Bull-nose connections.
Cylinder contents
A cylinder may contain a compressed gas or a vapour in equilibrium with liquid. Although the 'packaging' appears identical (a cylinder), they can have very different properties.
Property
Compressed gas
Liquid/vapour
Pressure
Varies in proportion with the cyclinder content If PV = nRT, then at a contant temperature and fixed cyclinder volume, P ∝ n, so we can determine the cyclinder content by measuring pressure.

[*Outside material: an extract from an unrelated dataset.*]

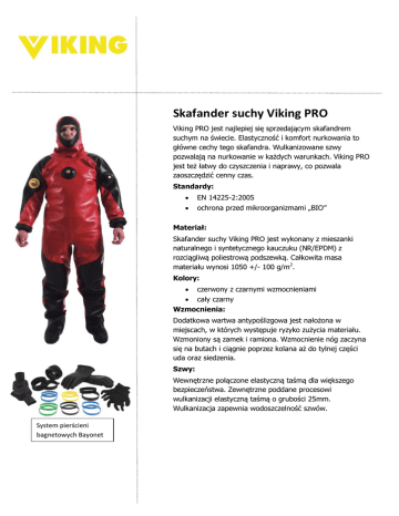 Skafander suchy Viking PRO Viking PRO jest najlepiej się sprzedającym skafandrem suchym na świecie. Elastyczność i komfort nurkowania to główne cechy tego skafandra. Wulkanizowane szwy pozwalają na nurkowanie w każdych warunkach. Viking PRO jest też łatwy do czyszczenia i naprawy, co pozwala zaoszczędzić cenny czas. Standardy: EN 14225-2:2005 ochrona przed mikroorganizmami „BIO” Materiał: Skafander suchy Viking PRO jest wykonany z mieszanki naturalnego i syntetycznego kauczuku (NR/EPDM) z rozciągliwą poliestrową podszewką. Całkowita masa materiału wynosi 1050 +/- 100 g/m2. Kolory: czerwony z czarnymi wzmocnieniami cały czarny Wzmocnienia: Dodatkowa wartwa antypoślizgowa jest nałożona w miejscach, w których występuje ryzyko zużycia materiału. Wzmoniony są zamek i ramiona. Wzmocnienie nóg zaczyna się na butach i ciągnie poprzez kolana aż do tylnej części uda oraz siedzenia. Szwy: Wewnętrzne połączone elastyczną taśmą dla większego bezpieczeństwa. Zewnętrzne poddane procesowi wulkanizacji elastyczną taśmą o grubości 25mm. Wulkanizacja zapewnia wodoszczelność szwów. System pierścieni bagnetowych Bayonet Zamek błyskawiczny: Magnetyczny zamek błyskawiczny typu Heavy Duty długości 90cm jest w standardzie z czerwonym kombinezonem. Niemagnetyczny zamek błyskawiczny jest w standardzie z kombinezonem czarnym. Zawory: Standardowa konfiguracja zawiera następujące zawory zamontowane na talerzach mocujących: Środek klatki piersiowej: zawór dolotowy SI Tech Wąż: 80 cm, mocowany szybkozłączką CEJN lewe ramię: podwójny zawór upustowy Viking z dodanymi dwoma zaworami grzybkowymi dla zwiększenia bezpieczeństwa Alteratywnie: Niemagnetyczny zawór dolotowy, zawór dolotowy Apeks. Niemagnetyczne węże. Zawór upustowy Apeks, niemagnetyczny zawór upustowy. Buty: Standardowe buty są przedłużeniem nogawki z wytrzymałą, elastyczną podeszwą doszytą do końca. Jest antypoślizgowa i zapewnia dobrą przyczepność. Zaczepy na płetwy znajdują się na pięcie. Alternatywnie: Buty z neoprenowym ociepleniem od wewnątrz, buty nitrylowe ze stalowymi noskami i śródstopiem., buty PVC. Kryza szyjna: Skafander Viking PRO jest standardowo wyposażony w lateksową kryzę Surveyor. Alternatywnie: Butelkowa, lateksowa kryza szyjna, kryza neoprenowa, system szybkiego zakładania kołnierza ułatwiający jego wymianę. Kaptur: Viking PRO może zostać wyposażony w następujące werjse kaptura: Rękawice lateksowe kaptur lateksowy Surveyor + kaptur wewnętrzny ocieplający kaptur neoprenowy z dopasowanym uszczelnieniem twarzy kaptur Smoothskin kauczukowy kaptur Turbo w kolorze czarnym kauczukowy kaptur Magnum w kolorze czarnym Jeśli kombinezon jest wyposażony w system szybkiego zakładania kołnierza to są dostępne jeszcze inne lateksowe i neoprenowe kaptury. Manszety: Standardowo dołączone lateksowe manszety PRO. Alternatywnie: Lateksowe manszety Heavy Duty, lateksowe manszety butelkowe, krótkie manszety stożkowe. Opcje mocowania rękawic: Zestaw naprawczy Aby zapewnić wodoszczelność kombinezonu można użyć systemu pierścieni gumowych z dopasowanym zewnętrznym pierścieniem i luźnym plastikowym pierścieniem, który będzie utrzymywał lateksowe uszczelnienie na swoim miejscu. Drugą opcją jest system pierścieni bagnetowych Bayonet z plastikowym pierścieniem zamocowanym do rękawa i wymienne mankiety utrzymywane w miejscu za pomocą plastikowego pierścienia. Do obydwóch systemów można zastosować rękawice lateksowe, z tworzywa Viton/kauczuku butylowego lub rękawice nitrylowe/chloroprenowe. Do każdego skafandra dołączane są: -torba, szelki, instrukcja obsługi, zestaw naprawczy, środki do konserwacji zamka Właściwości materiału: Właściwość: Grubość Waga Odporność na rozciąganie Odporność na rozdarcie Odporność na przekłucie Odporność na ścieranie Wynik: 1.20 mm +/- 0.10 mm 2 1050 gm/m2 +/- 100 g/m osnowa: min 800 N/50mm wątek: min 650 N / 50 mm osnowa: min 45N wątek: min 45N min 60N min 7000 cykli Standard: ISO 3801 ISO 1421 ISO 4674 pr EN 863 ISO 5470-1 H18, 250 g Tabela wyników z testów HZ (Viking PRO nie spełnia wymagań HZ wskutek nie zaliczenia testu na przenikanie cieczy B) Substancja Czas przenikania w min Kwas siarkowy H2SO4 (ciekły) Materiał >480 Stopień ochrony Wysoki Szwy >480 Wysoki Zamek >480 Wysoki Materiał >480 Wysoki Szwy >480 Wysoki Zamek >480 Wysoki Materiał >480 Wysoki Szwy >480 Wysoki Zamek >480 Wysoki Materiał >480 Wysoki Szwy >480 Wysoki Zamek >480 Wysoki Materiał 20 nie zdany Szwy 19 nie zdany Zamek 48 Niski Materiał 213 Wysoki Szwy 117 Wysoki Zamek >480 Wysoki Wodorotlenek sodu NaOH (ciekły) Izopropanol Toluen 0,05% (ciekły) Ciecz B (70% izooktan & 30% toluen) Ciecz F (80% olej parafinowy & 20% metylonaftalen) Minimalny czas przenikania wymagany to 20 minut. Niski stopień ochrony = 20-60 minut Wysoki stopień ochrony = >60 minut

Pressure remains constant until the liquid has evaporated. The liquid exists in equilibrium with a saturated vapour. As we draw off vapour, more liquid evaporates to replace it. As a result, pressure remains constant until all of the liquid has evaporated. N.B. A fall in pressure may be seen with rapid rates of gas consumption; this will happen as the cylinder cools and the SVP drops. This still provides no information about the cylinder content.
Weight
Is not a practical method to determine content An E-size oxygen cylinder weighs 5.4kg empty (the 'tare' weight). Full it contains 680l of oxygen with a mass of 0.680*1.429 (vol in m3*density) = 0.97kg. So, from full to empty, its mass changes by only 15%.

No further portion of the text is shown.